C’est l’une des raisons pour lesquelles les conservateurs seraient mal avisés de croire que remporter les prochaines élections sera aussi simple que de transférer les voix obtenues par le Parti réformiste jeudi au Parti conservateur. Si l’on ne corrige pas certains des éléments qui ont poussé les électeurs à se tourner directement vers le Parti travailliste et les Libéraux-démocrates, aucun virage à droite sur l’immigration ou sur tout autre sujet ne parviendra à attirer suffisamment d’électeurs réformistes pour remporter une majorité.

L’autre raison est que les électeurs en général sont plus volatils. Si Rishi Sunak a obtenu moins de sièges que Major en 1997, c’est en partie parce que son bilan administratif était bien pire. Mais l’autre raison est que les électeurs sont désormais plus disposés à comparer les candidats et à voter pour des partis différents.

C’est en partie pour cette raison que le basculement relativement modeste vers le parti travailliste à l’échelle nationale a donné lieu à une victoire écrasante qui a presque égalé celle de 1997. L’un des quelques sièges que le parti travailliste a remportés en 2019 mais perdus en 2024 illustre cette tendance : le siège désormais appelé Bristol Central a été, en un laps de temps relativement court, représenté par un conservateur, un libéral-démocrate, un député travailliste et maintenant un vert. Ces changements qui prenaient autrefois près d’un siècle ont tous eu lieu depuis 1992.

Deux éléments sous-tendent la nouvelle volatilité, comme le montre clairement un livre essentiel pour comprendre les élections récentes : Chocs électoraux : l’électeur volatil dans un monde turbulent.
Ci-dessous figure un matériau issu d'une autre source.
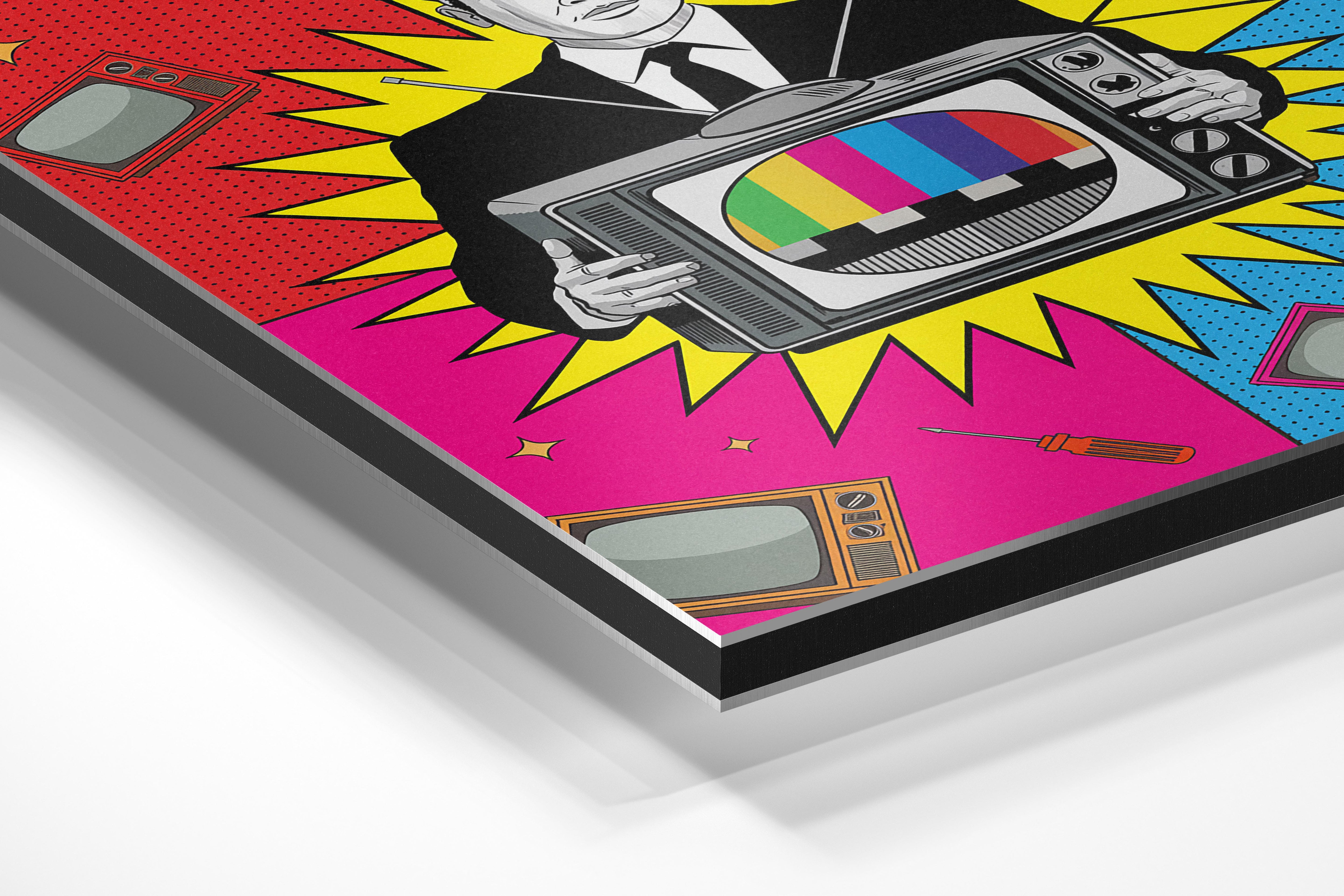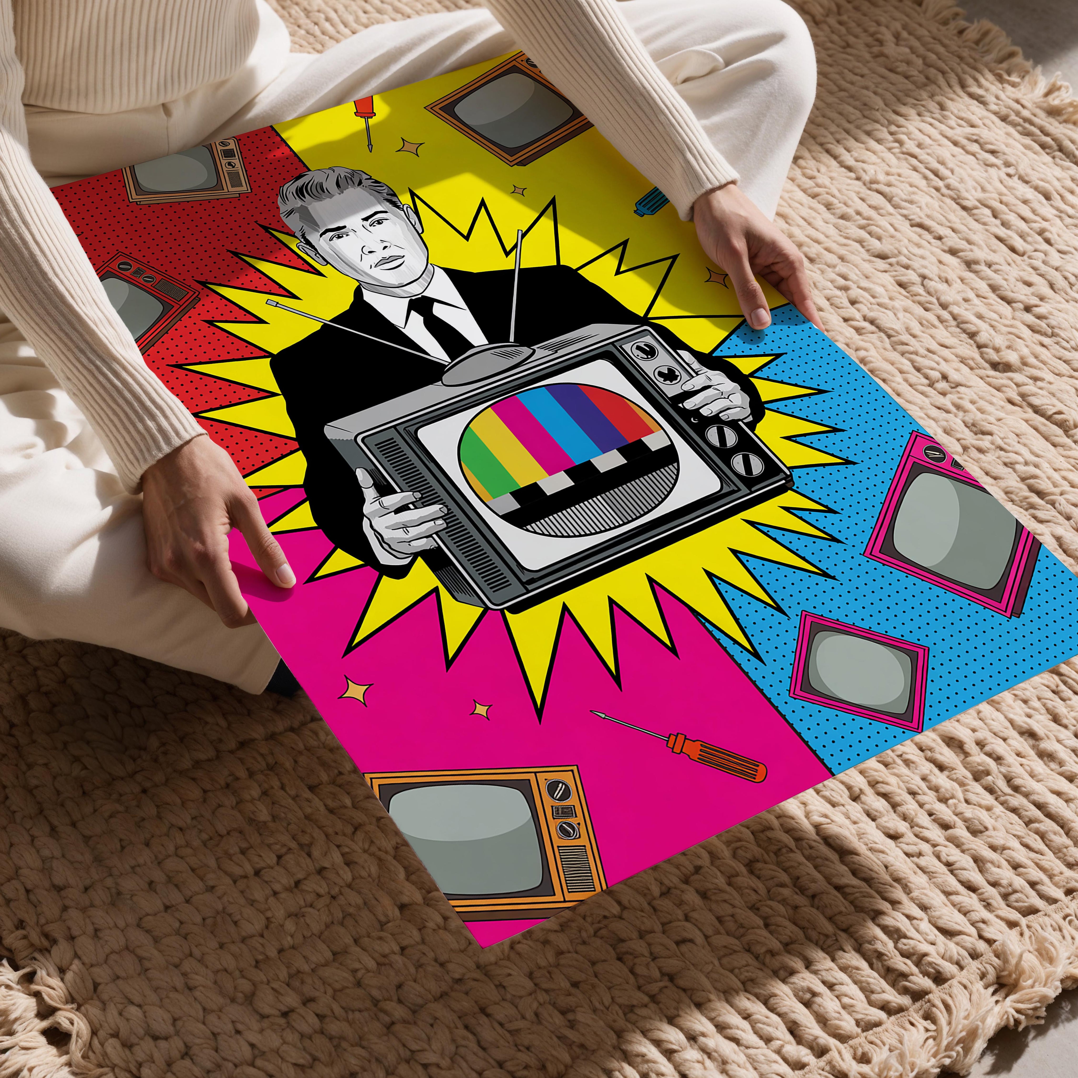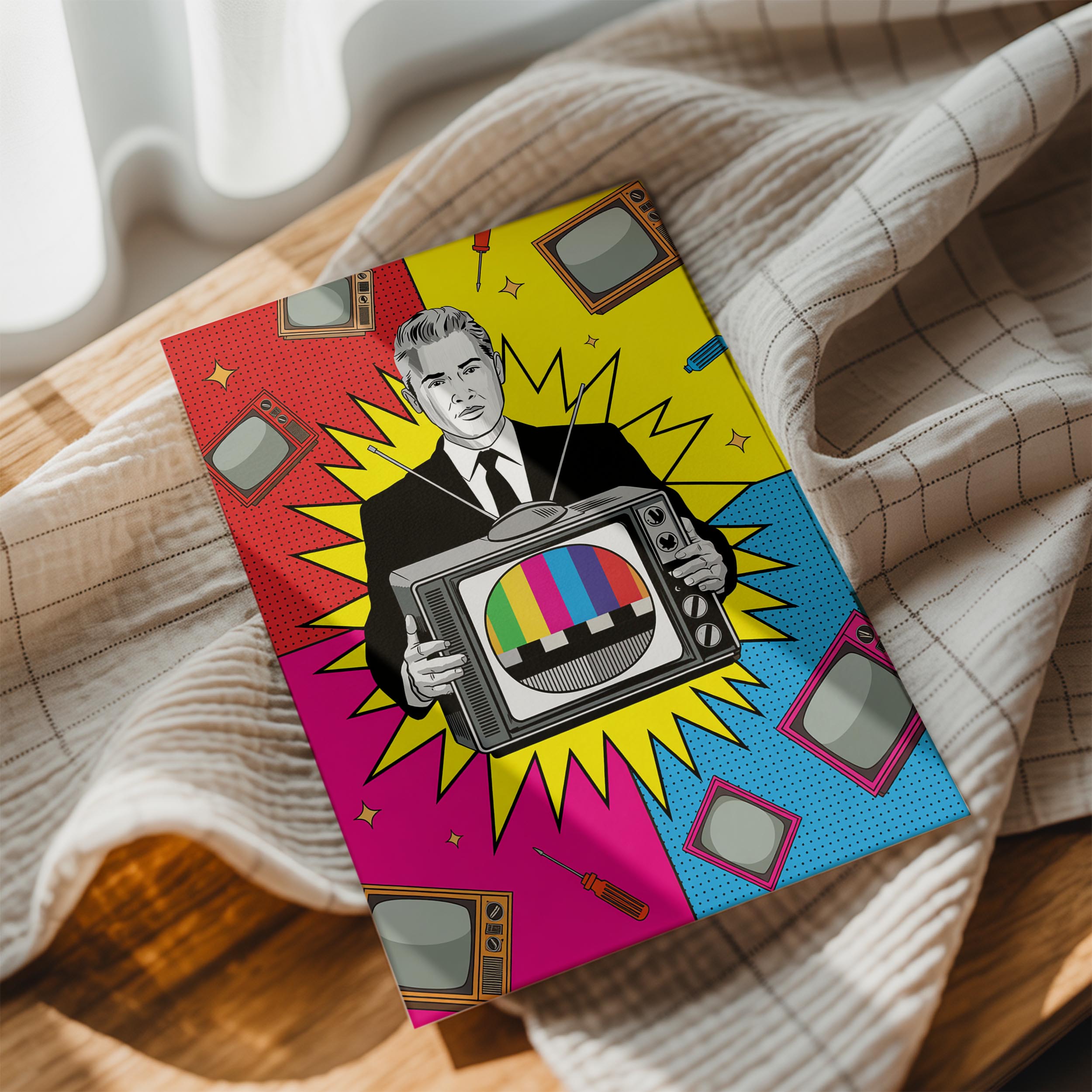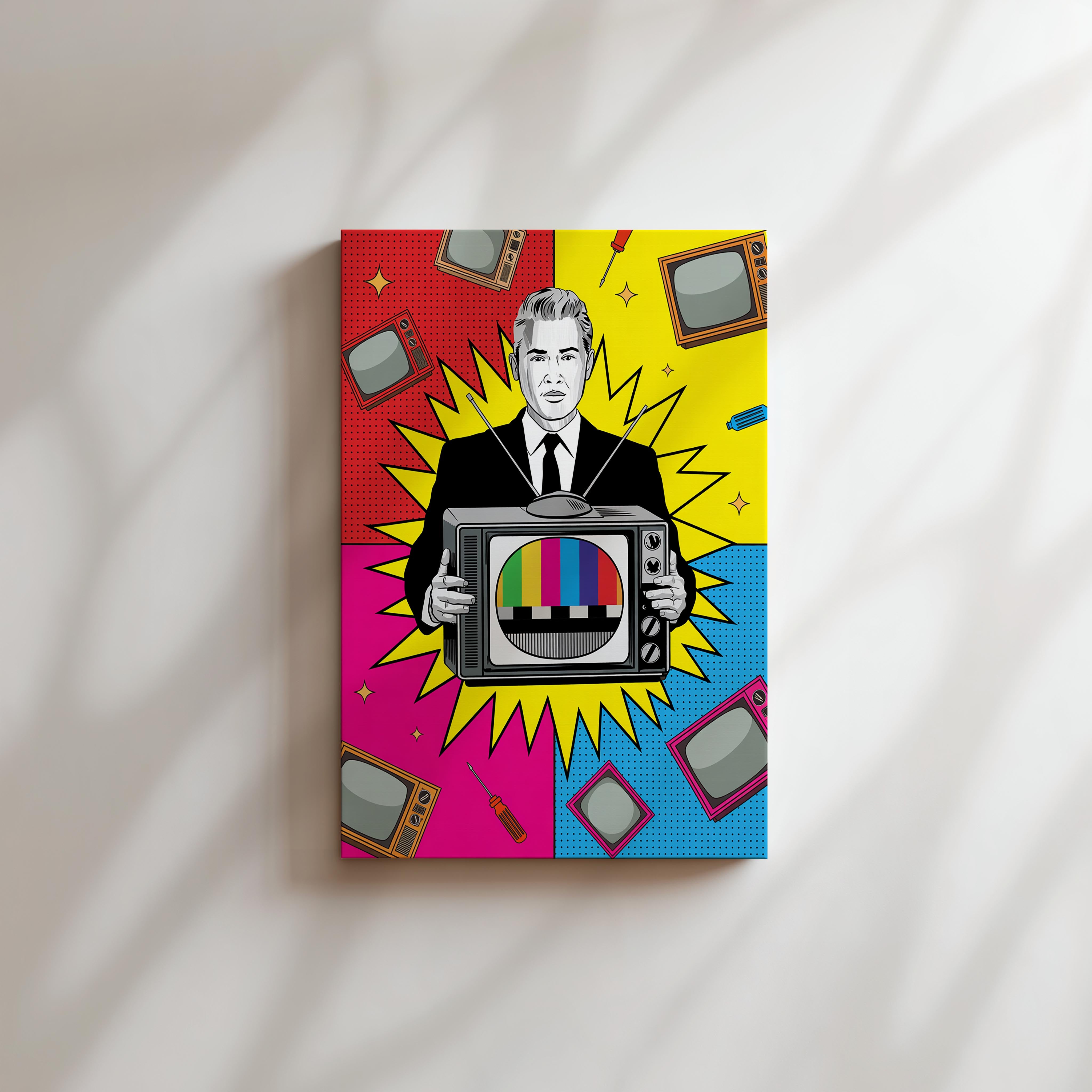 A black-and-white suited man holds a vintage television displaying a color bar test pattern in the center of a bright comic-style explosion. Around him float retro TVs and screwdrivers on a patchwork background of red, yellow, pink, and blue. This pop-art composition blends 20th-century broadcast nostalgia with modern design punch. Ideal for media rooms, home theaters, or creative offices, it resonates with retro tech lovers and design fans. The stark contrast of monochrome figure and colorful background draws the viewer’s focus, celebrating the golden era of analog screens.

Le premier est la montée en puissance des petits partis. Les électeurs trouvent plus facile de passer des conservateurs ou du parti travailliste à ces partis que de passer directement d’un parti à l’autre. Mais une fois qu’ils ont fait le saut vers les libéraux-démocrates, un indépendant, les Verts ou le Parti réformiste, ils sont plus disposés à changer de parti que celui dont ils ont quitté le parti à l’origine. C’est en partie pour cette raison que les bastions travaillistes sont devenus bleus en 2019 : les électeurs ont d’abord quitté le parti travailliste pour l’UKIP, puis ils sont passés aux conservateurs.

La deuxième crise est la crise financière mondiale de 2008. La performance économique du Royaume-Uni ne s’est jamais remise de ce coup dur, même si d’autres facteurs, comme l’austérité, le Brexit, la pandémie et l’invasion de l’Ukraine, ont également joué un rôle. Cela signifie moins d’argent, donc moins de revenus disponibles et moins de recettes fiscales. Cela signifie que les électeurs sont plus pauvres et que la sphère publique doit faire plus avec moins. Cela rend les électeurs mécontents, et ils ont alors plus d’options qu’ils sont prêts à envisager en réponse. Tout cela signifie des majorités plus importantes et des fluctuations plus importantes dans la fortune politique des partis respectifs.

Tout cela suggère que le parti travailliste a raison de craindre – et les conservateurs ont raison d’espérer – que si Starmer rencontre des difficultés et que les conservateurs font les bons choix, ils pourront bientôt gagner à nouveau. Mais les conservateurs doivent être conscients qu’une volatilité accrue signifie également que si le parti travailliste parvient au pouvoir et qu’il prend les mauvaises décisions, les prochaines élections pourraient être encore pires.